Once you have a CD with the latest version of Ubuntu, you can either run it from the CD without making any changes to your PC - a good choice if you simply want to take a look at the OS - or install the full package on your hard drive. To replicate a typical installation, I first obtained a copy of the previous version of Ubuntu (version 7.04) on CD, installed this on a basic laptop running Windows XP, then upgraded to the latest version by downloading and installing a beta (pre-release) version of Ubuntu 7.10. The whole process was remark­ably smooth, helped partly by a step-by-step installation wizard that pops up when the installation CD is fired up (...)  You will need 256Mb of memory and 4Gb of free hard drive space. The installation wizard guides the user through basic questions and allocates some of the free hard drive space to Ubuntu; users can adjust most settings or accept the defaults. I ac­cepted the default that divided my laptop hard drive in two, allocating half to the existing Windows XP operating system, half to Ubuntu. You could choose to re­place Windows entirely.  Set-up, including downloading the new Ubuntu version, took about 90 minutes (less than 10 minutes once the installation CD was loaded) and, to my surprise, Ubuntu had no problems identifying and configuring itself to work with various hardware components that make up my laptop, with one exception: it did not initially like the 3D Nvidia graphics card installed in the machine. But once I enabled what Ubuntu described as a "restricted driver", it worked just fine.

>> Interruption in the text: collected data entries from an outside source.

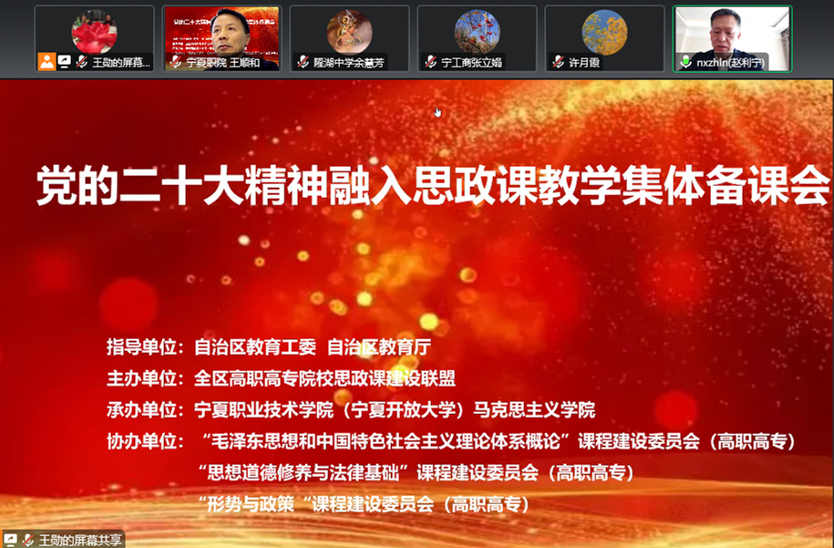 在宁夏回族自治区教育工委、教育厅指导下,宁夏高职高专院校思想政治理论课建设联盟于11月26日组织召开“党的二十大精神融入思政课教学”线上集体备课会,本次备课会由宁夏职业技术学院马克思主义学院承办。全区高职高专院校思政课建设联盟全体委员、全区高校马克思主义学院(马研部)院长(主任)和全体思政课教师、大中小学思政课教学名师工作室教学团队200多名教师参加了集体备课会。
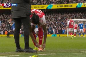 体育资讯02月07日讯 英超第25轮,阿森纳vs桑德兰。比赛开场仅3分钟,马杜埃凯被拍到在场边换鞋,他将左脚的一只鞋换成了另一个配色的F50。
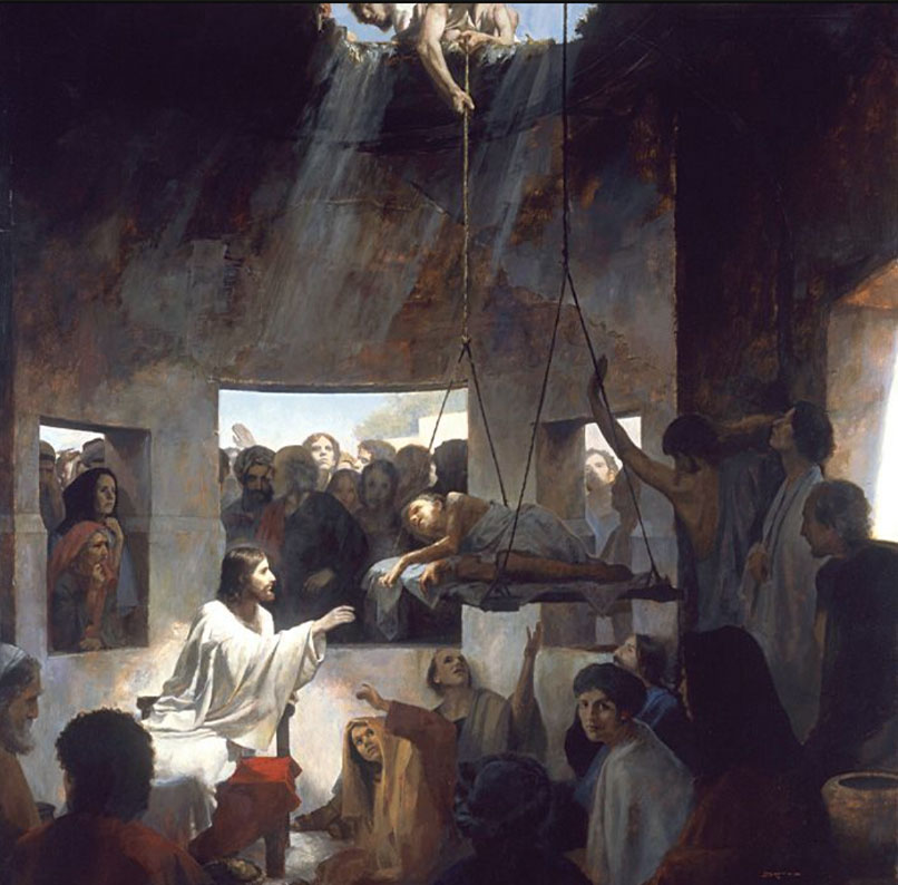 - Chris Cook, 2003, site chriscookartist.com, États-Unis. Ce peintre et illustrateur vient de la Georgie, au sud des États-Unis. Il s’inscrit dans le courant américain de l’expressionisme du Sud (Southern expressionnism), marqué par des couleurs fortes, de larges coups de pinceaux et des formes à la frontière du figuratif. Il a fait plusieurs œuvres d’inspiration chrétienne. Face à l’adversaire monochrome, Jésus s’avance, auréolé de lumière.
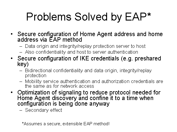 Problems Solved by EAP* Secure configuration of Home Agent address and home address via EAP method Data origin and integrity/replay protection server to host Also confidentiality and host to server authentication Secure configuration of IKE credentials (e.g. preshared key) Bidirectional confidentiality and data origin, integrity/replay protection Mobility service authentication and authorization credentials are the same as for network access Optimization of signaling to reduce protocol needed for Home Agent discovery and confine it to a time when configuration is being done anyway Secondary effect *Assumes a secure, extensible EAP method! |

Along with the operating system and hardware drivers, the Ubuntu disc also installs a basic set of open-source applications, including the OpenOffice office productivity suite, Firefox web browser and Evolution e-mail software. (...) Ubuntu 7.04, which Dell now offers on some desktop systems, was solid and fast and I did not experience the compatibility problems that some others have re­ported - particularly with peripherals such as printers and audio devices. But the latest Ubuntu version includes many improvements designed to make the operating system easier to use, more reliable and more flexible. These include advanced "plug-and-play" printing, enhanced browsing and the option of a smooth new user interface des­igned to make users feel more comfortable with Ubuntu.

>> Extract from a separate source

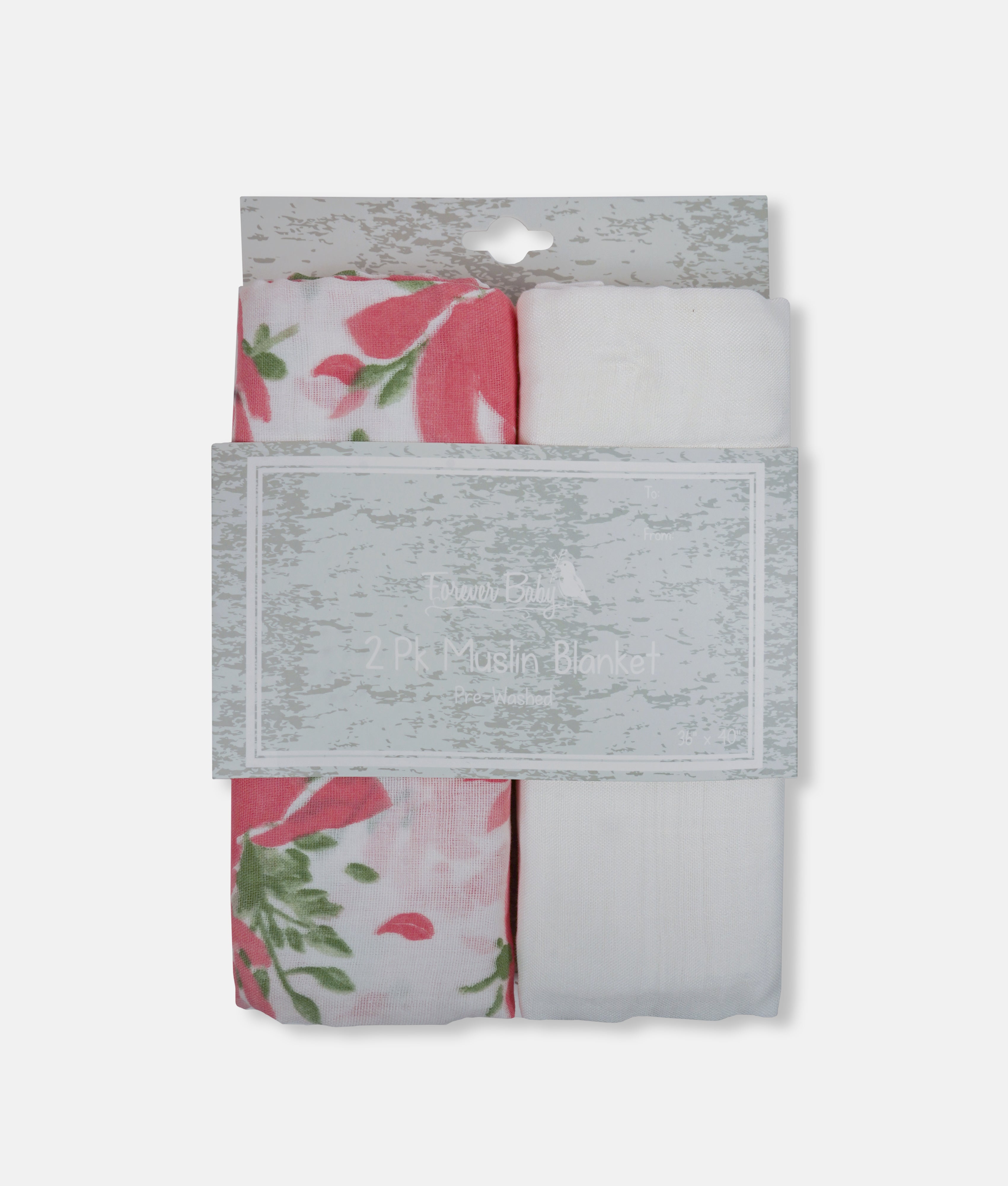 Muslin Cotton Blanket 2pc set - Plane Ivory & Rosy Floral
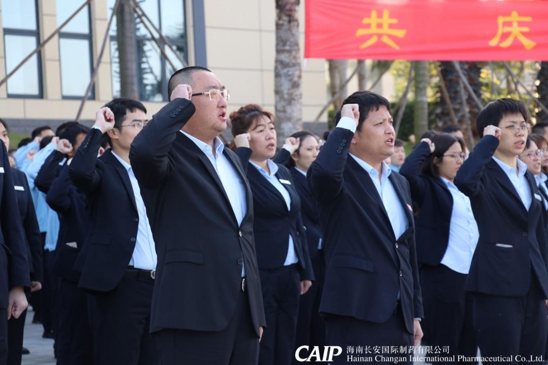 伴隨著嘹亮的國歌,當(dāng)鮮艷的五星紅旗、益佰制藥司旗、長安制藥司旗冉冉升起,全體員工莊嚴(yán)肅立,行注目禮。而后,長安制藥全體員工右手握拳過肩,用慷慨激昂的聲音宣讀公司員工誓詞,將新年開工的斗志和干勁兒,齊聲融入到宣誓當(dāng)中。

(...) Although it is still early days, the latest version of Ubuntu looks like being a viable alternative to proprietary operating systems including Windows and OS X for a broader group of PC users. Ubunto's "Gutsy Gibbon" release may not be for everyone. But as I discovered, you do not need a PhD or an IT department to install it. Ubuntu 7.10 is worth considering if you are looking to minimise costs or join the open source movement. (...) There are several ways to get hold of the Ubuntu software. The cheapest is to download a copy over a broadband connection, but the file is 700Mb so it can take a long time without an ultra-fast broadband connection. Ubuntu is also distributed over the internet as a CD image file, called an Iso file. To install Ubuntu, you first need to burn its Iso file on to a CD. You need a CD/DVD burner, an 80-minute (700Mb) disc and CD burning software. If you don't have the burner software, the Ubuntu website, www.ubuntu.com, provides a link to download Infra Recorder, a free and open-source image-burning program with instructions on how to create an Ubuntu CD. I found downloading the Iso file and burning the CD the most time-consuming and tricky part of the process. Alternatively, through the Ubuntu website you can request a free CD that will reach you by post within six to 10 weeks; or for faster delivery you can buy a copy at nominal cost from Amazon.com or one of the local distributors listed on the website.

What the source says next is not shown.